Word for word, return the lines below from the first through the line that has "Mudd Women’s Blue", dropping the pictures.

--- SUPPLIED MATERIAL ---

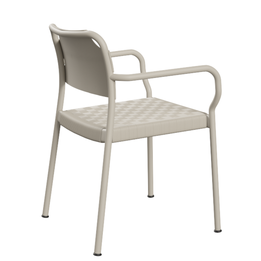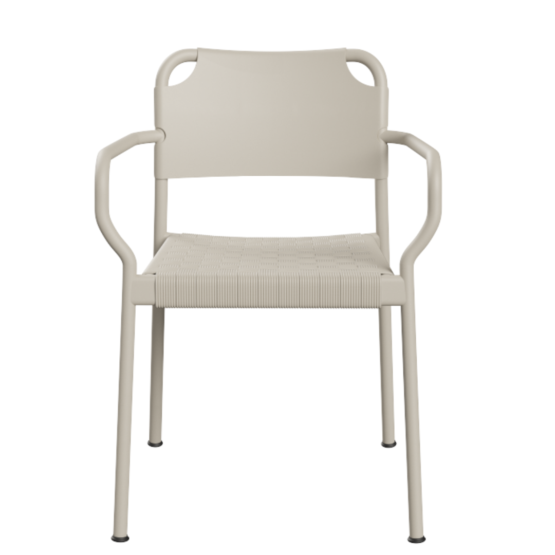 De stoel heeft een slank frame van poeder gecoat aluminium en een met de hand geweven zitting van sterk polyesterkoord. Het minimalistische ontwerp zonder armleuningen benadrukt de luchtige uitstraling van de stoel, terwijl het tegelijkertijd zorgt voor comfort en flexibiliteit. Dankzij het lichte gewicht en het stapelbare ontwerp is de Vind-stoel ideaal voor terrassen, tuinen en horeca omgevingen.
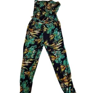 Mudd Women’s Blue & Teal Green Tropical Floral Strapless Jumpsuit Romper Sz XS
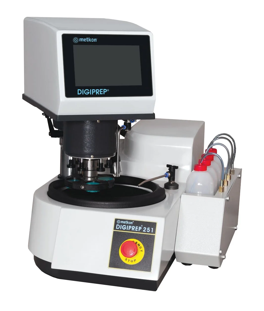 Программируемый шлифовально-полировальный станок с 6″ экраном с сенсорным управлением, большим двигателем 1.0 л.с. (0.75 кВт), регулируемая скорость вращения диска в диапазоне 50-600 об/мин, бесшумный ременный привод, направление вращения по- или против часовой стрелки, мягкий запуск и остановка, рабочий комплект, состоящий из алюминиевого круга диам. 300 мм и брызгозащитного кольца, вытягиваемый шланг, трубки для подвода и слива воды. Автоматическая головка, большой ЖК-экран, программирование параметров подготовки образца, центральное и/ или индивидуальное усилие, стальная монтажная стойка, вращение держателя образца с регулируемой скоростью 50-150 об/мин, двигатель постоянного тока мощностью 100 Вт, светодиодное освещение, снятие материала по оси Z с контролем глубины, конструкция с возможностью быстрого поворота и фиксации, предупреждающий звуковой сигнал, зажимной патрон-держатель, встроенное устройство смазки диспенсер Lubomatic с перистальтическим насосом и регулировочным расходным клапаном.

---

TASK SOLUTION:
 De stoel heeft een slank frame van poeder gecoat aluminium en een met de hand geweven zitting van sterk polyesterkoord. Het minimalistische ontwerp zonder armleuningen benadrukt de luchtige uitstraling van de stoel, terwijl het tegelijkertijd zorgt voor comfort en flexibiliteit. Dankzij het lichte gewicht en het stapelbare ontwerp is de Vind-stoel ideaal voor terrassen, tuinen en horeca omgevingen.
 Mudd Women’s Blue & Teal Green Tropical Floral Strapless Jumpsuit Romper Sz XS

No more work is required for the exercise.